Single by The All-American Rejects

from the album The All-American Rejects
- Released: July 14, 2003
- Recorded: 2001
- Genre: Pop rock
- Length: 3:30
- Label: DreamWorks; Doghouse;
- Songwriters: Nick Wheeler; Tyson Ritter;
- Producer: Tim O'Heir

The All-American Rejects singles chronology
| "The Last Song" (2003) | "Time Stands Still" (2003) | "Dirty Little Secret" (2005) |

Music video
- "Time Stands Still" on YouTube

= Time Stands Still (The All-American Rejects song) =

"Time Stands Still" is a song by American rock band The All-American Rejects, released as the third and final single from their self-titled debut studio album on July 14, 2003.

==Background and composition==
“Time Stands Still” was written by Nick Wheeler and Tyson Ritter. "It's about a chick, pretty much," Ritter explained, "It's pretty much about my ex-girlfriend and the ins and outs of the relationship. It's about me wishing that nothing would change from that honeymoon period, the first six or seven months," he said before adding, "For me, it's like three!”

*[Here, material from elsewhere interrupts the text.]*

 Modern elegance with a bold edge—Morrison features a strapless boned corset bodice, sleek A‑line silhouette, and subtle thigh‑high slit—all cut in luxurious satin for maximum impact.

"It's that time when nothing matters with your lady because it's all good," Ritter continued. "And nothing gets you down, nothing at all." Wheeler later said the composition of the song is "About 96-beats-per-minute and it's in the key of C major."

==Reception==
===Critical reception===
The song received mixed reviews from music critics. MTV compared the track to the band's previous singles "Swing, Swing" and "The Last Song", saying it "focused more on the good times, before the bad ones arose". Sputnikmusic commented saying "[The acoustic guitar] disrupts the mood of the chorus and ultimately, the entire song. The bridge is a bit of a minor key and is pretty catchy which saves some of the song. The piano outro is decent, but it doesn't fit with the rest of the song and therefore sounds bad."

===Chart performance===
Despite promotion, the song failed to chart in any territory.

==Music video==
The music video for "Time Stands Still" was directed by Meiert Avis and shot in early August 2003 in Los Angeles and was released later that month. It revolves around lead vocalist and bassist of the band Tyson Ritter arriving for band rehearsals via Jeep at a warehouse where the other members are already practicing and performing the song.

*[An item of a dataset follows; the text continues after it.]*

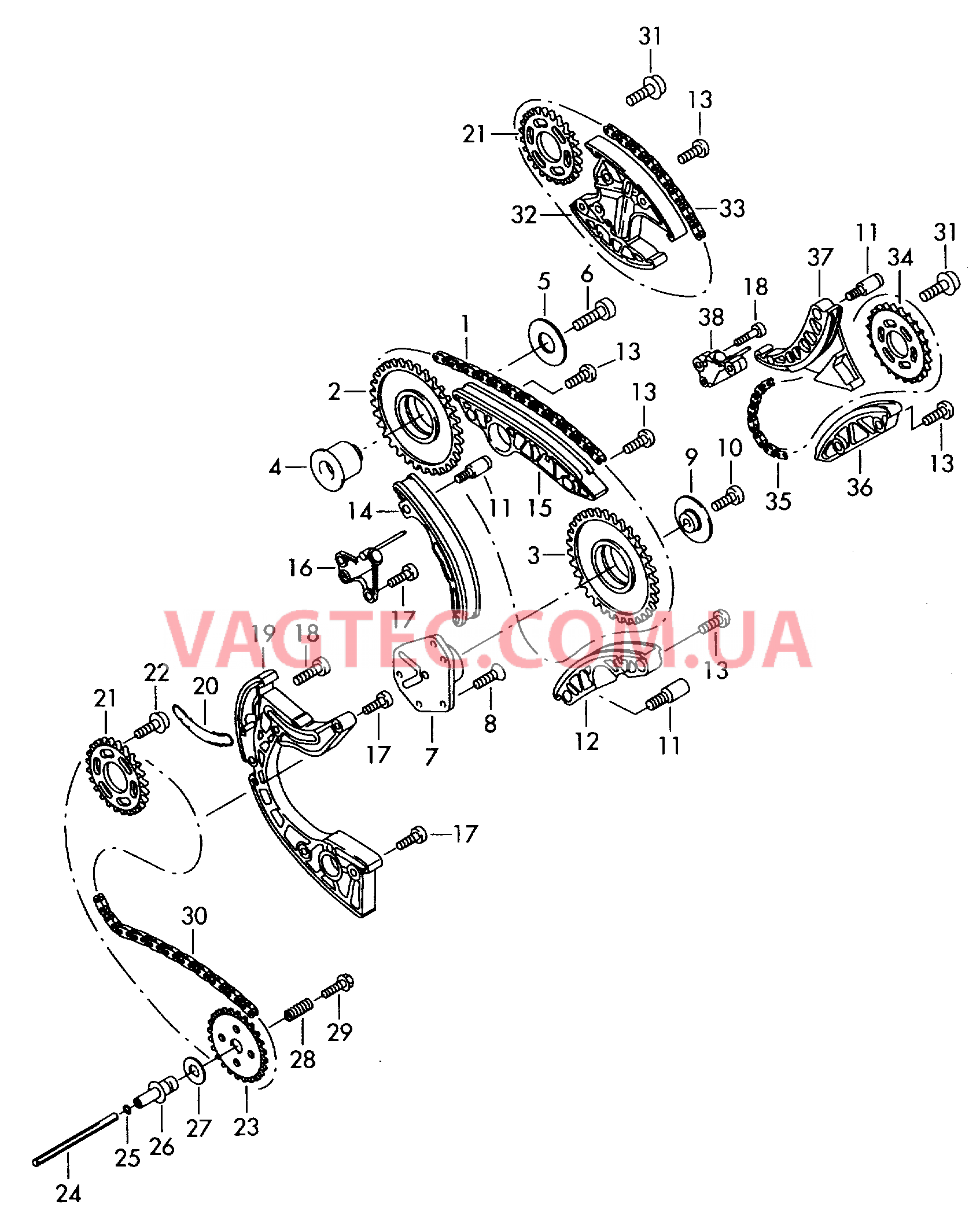 | 38 | 057109217J | Натяжное устройство цепи | лев. | 1 |

The video also sees Ritter arrive at the warehouse at different points in time several times where his surroundings reverse back in time while he goes forward and seeing another version of himself rehearsing before merging into [that] version of him. Towards the end of the video, Ritter unmerges from himself as times goes backwards for him and his surroundings proceed forward, before ending back at the start of the video.

==Track listing==

CD promo
| No. | Title | Length |
|---|---|---|
| 1. | "Time Stands Still" | 3:30 |
| 2. | "Time Stands Still" (callout hook) | 0:10 |

==Release history==

| Country | Date | Format | Label |
|---|---|---|---|
| United States | July 14, 2003 | CD promo | Universal Music Group |

==See also==
- "Way Away", a 2003 song by another pop-punk band Yellowcard with the music video has similar premise.
- "Just Like You", a 2003 song by Canadian rock band Three Days Grace with the music video has similar premise.